» How to complete this task
The answer should be the exact lines from the line containing "Un dispositif statique dans" through the last line of the material below, with no pictures.

□ □ □ □ □ □ □

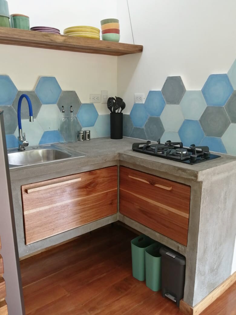 Lucía es uno de cuatro apartamentos completamente amoblados y equipados cerca de unas de las playas más lindas del Caribe Sur de Costa Rica (a solo 300 metros de Punta Cocles; 3 Km de Playa Chiquita, 6 Km de Punta Uva 7; 10 Km de Manzanillo o 4Km de Puerto Viejo). Con capacidad para 4 personas, 2 habitaciones con 2 camas matrimoniales, un baño, área social con sala/comedor/cocina, 1 sofá cama en la sala y balcón con vista al área social externa; área social con rancho multiuso y piscina.
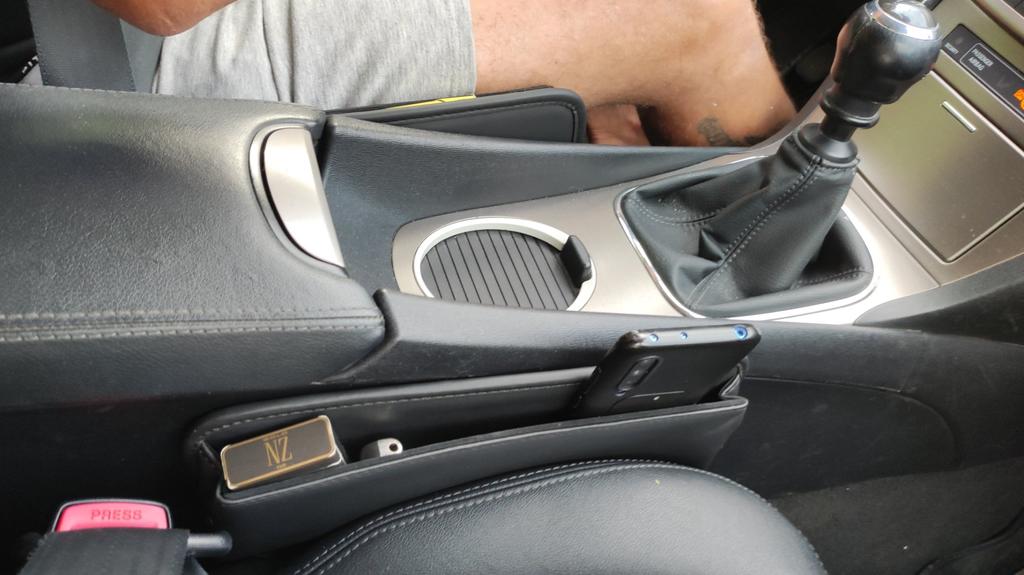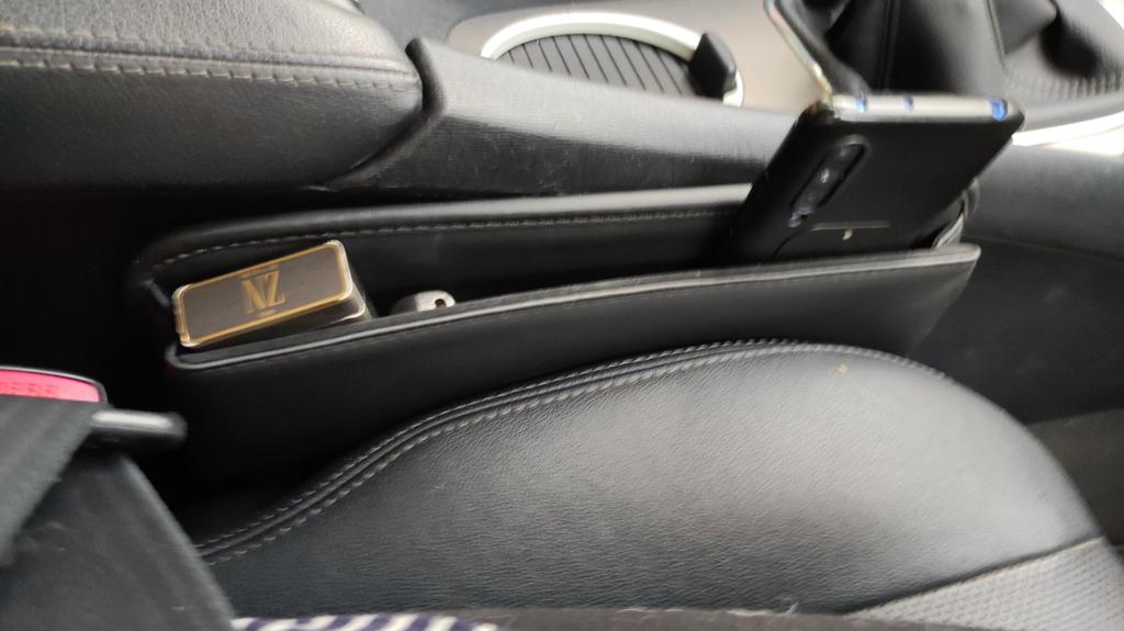 Материал дешевый, с кожей в салоне видно сильную разницу. Главное, что вообще проваливается между сидением и подлокотником, видимо на каждом автомобиле индивидуально примерять, может где то будет держаться
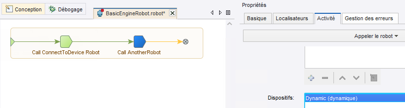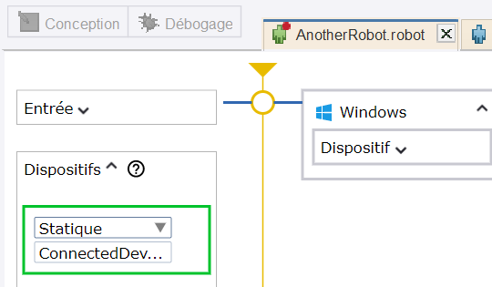 Un dispositif statique dans un robot est un dispositif avec lequel la connexion est déjà établie. Si un mappage dynamique est spécifié pour une étape Appeler le robot dans la propriété Dispositifs du Robot à Moteur Basique et que le dispositifs a déjà été connecté, ce mappage dynamique peut être transmis à un dispositif statique. En d'autres termes, si le dispositif est précédemment connecté à l'aide du mappage dynamique, dans le volet Dispositifs du robot, vous pouvez choisir d'utiliser un dispositif statique et de réutiliser la connexion établie avec le mappage dynamique. C'est pratique lorsque vous devez réutiliser ce robot dans différents Robots à Moteur Basique.
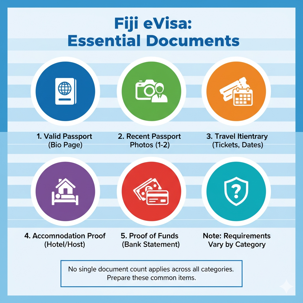 There is no single Document requirements for Fiji eVisa count across all categories because requirements vary, but typically you should expect to provide:
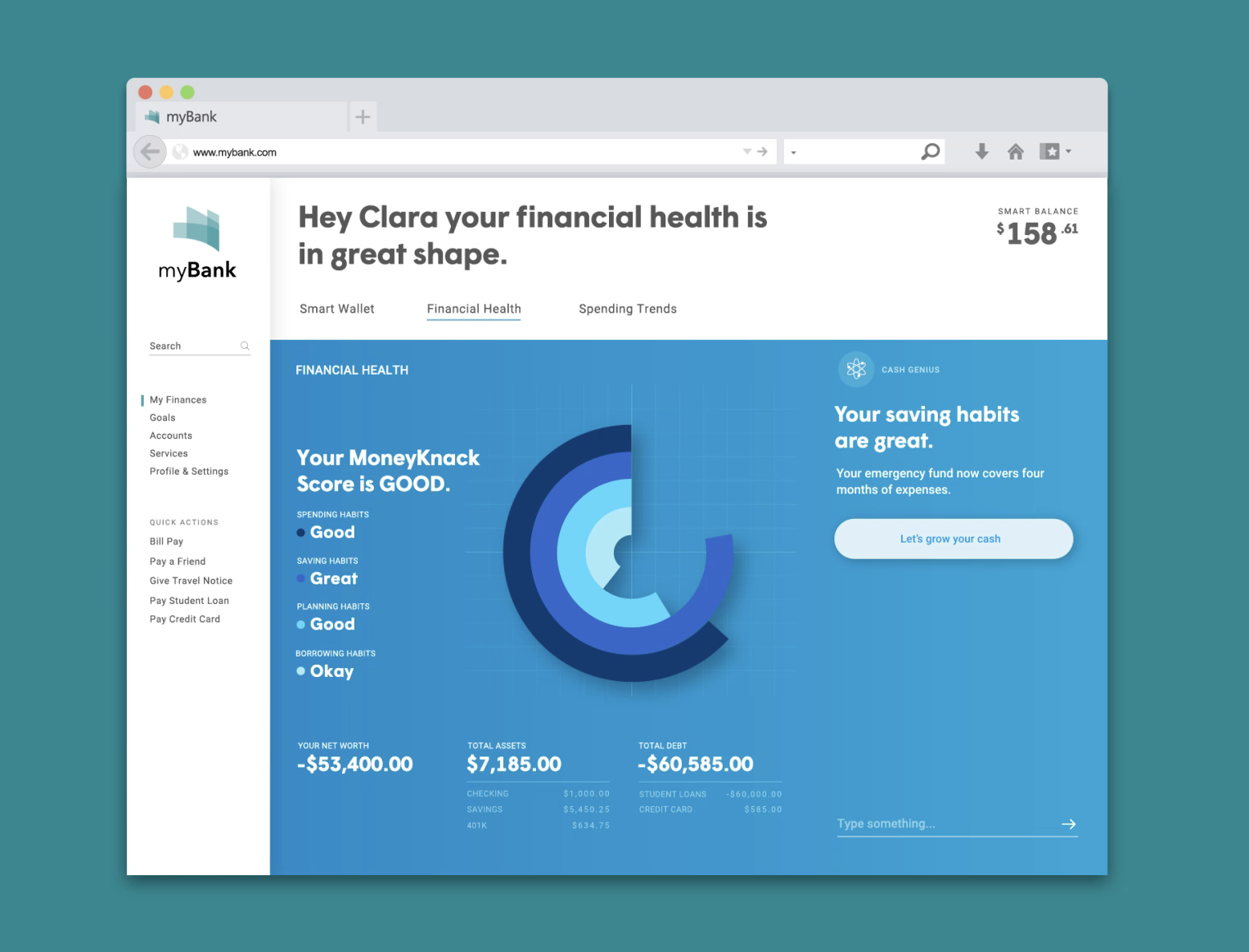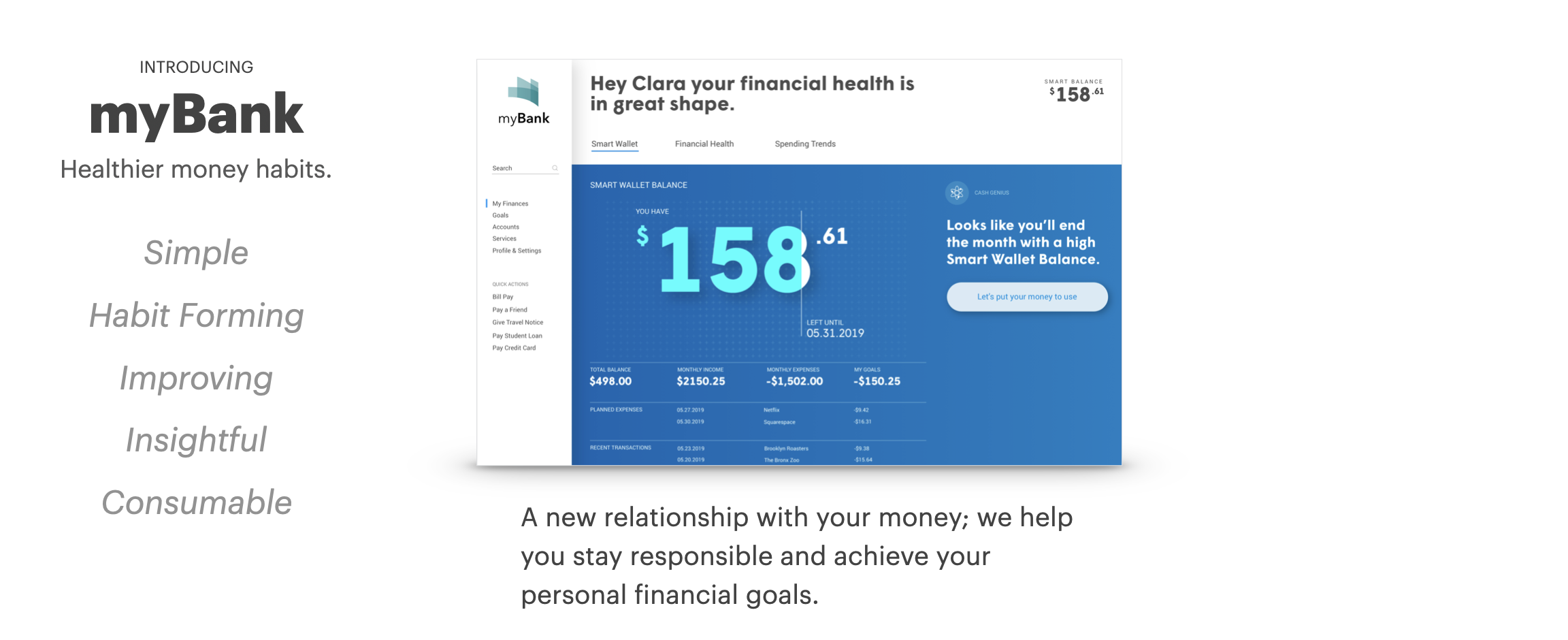 Based on trend research, FIS’s stated goals, and our own wishes for a banking platform to help us through our lives, we created a new concept that took a lot of the guesswork out of managing your money:

□ □ □ □ □ □ □

» Task result
 Un dispositif statique dans un robot est un dispositif avec lequel la connexion est déjà établie. Si un mappage dynamique est spécifié pour une étape Appeler le robot dans la propriété Dispositifs du Robot à Moteur Basique et que le dispositifs a déjà été connecté, ce mappage dynamique peut être transmis à un dispositif statique. En d'autres termes, si le dispositif est précédemment connecté à l'aide du mappage dynamique, dans le volet Dispositifs du robot, vous pouvez choisir d'utiliser un dispositif statique et de réutiliser la connexion établie avec le mappage dynamique. C'est pratique lorsque vous devez réutiliser ce robot dans différents Robots à Moteur Basique.
 There is no single Document requirements for Fiji eVisa count across all categories because requirements vary, but typically you should expect to provide:
 Based on trend research, FIS’s stated goals, and our own wishes for a banking platform to help us through our lives, we created a new concept that took a lot of the guesswork out of managing your money:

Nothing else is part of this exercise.